The Canadian Centre for Policy Alternatives released a study last week showing that business investment has actually fallen over the last 30 years, despite governments’ cutting the combined federal-provincial corporate tax rate from 50 per cent in the 1980s to 29.5 per cent in 2010.

The report shows that before the tax cuts, fixed capital spending as a percentage of GDP was 12.7 per cent. Since then, such investments have fallen to 11.7 per cent of GDP.
“As a means of stimulating growth, employment and even private business spending, the historical evidence suggests the business tax cuts are both economically ineffective and distributionally regressive,” the report reads.

The federal Conservatives are promising to reduce federal corporate tax rates to 15 per cent in 2012 from 16.5 per cent this year and a further 18 per cent in 2010. The Liberals want to increase the rate to 18 per cent, climbing back a bit after slashing the federal rate from 28 per cent to 21 per cent between 2000 and 2004.
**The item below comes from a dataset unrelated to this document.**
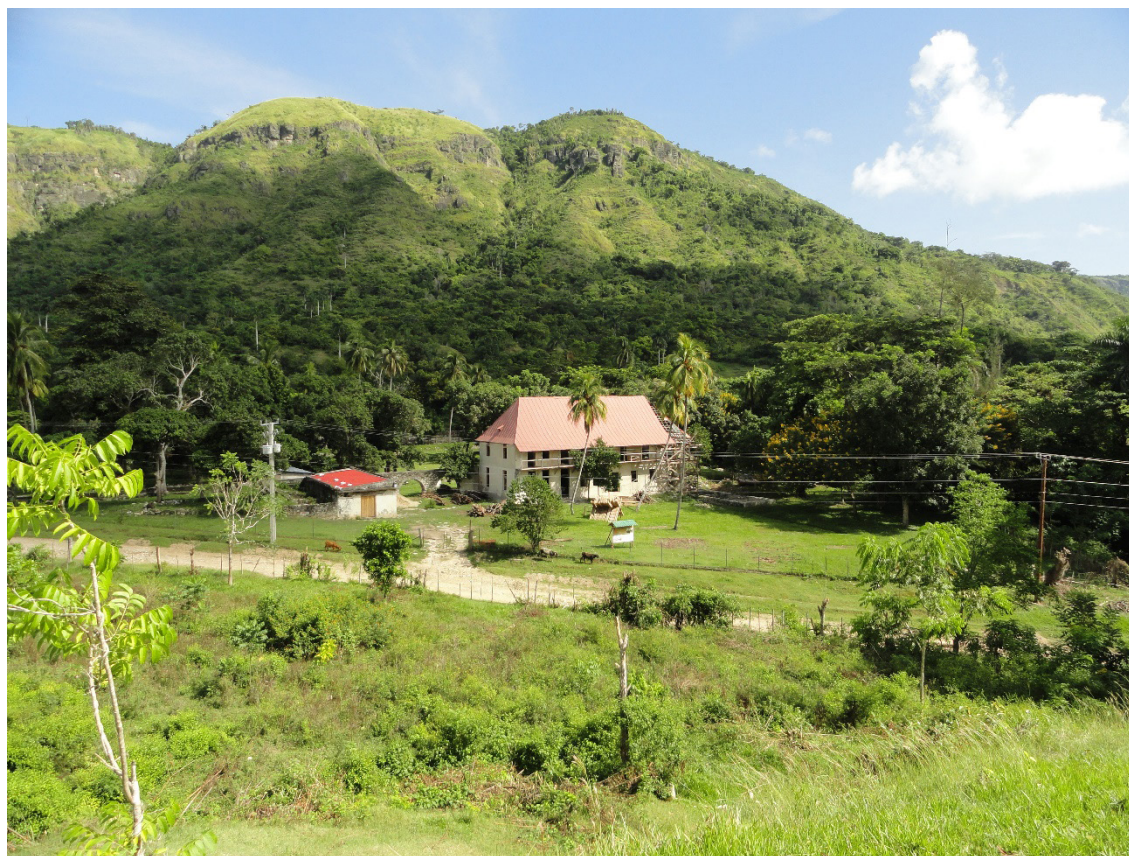
Figura 2. Vista de la hacienda cafetalera Fraternidad ubicada en el partido de Ramón de Las Yaguas

The Conservatives’ proposed tax cuts will cost the federal treasury $6 billion a year, writes the study’s author, Jim Stanford, an economist with the Canadian Auto Workers Union.  But, says Stanford, “We’d be much better off spending the $6 billion on public investment, which would ‘crowd in’ (via GDP effects) almost as much new private investment as would be stimulated by $6 billion in tax cuts.”

For Canada’s universities, this is no small matter. The Association of Universities and Colleges of Canada reports a total infrastructure backlog of $6.8 billion for Canada’s universities. The Council of Ontario Universities reports that Ontario’s growing enrolment will need $9.4 billion for new buildings over the next decade. But the province’s universities received only $1.1 billion in provincial and federal stimulus funding for infrastructure over the last two years.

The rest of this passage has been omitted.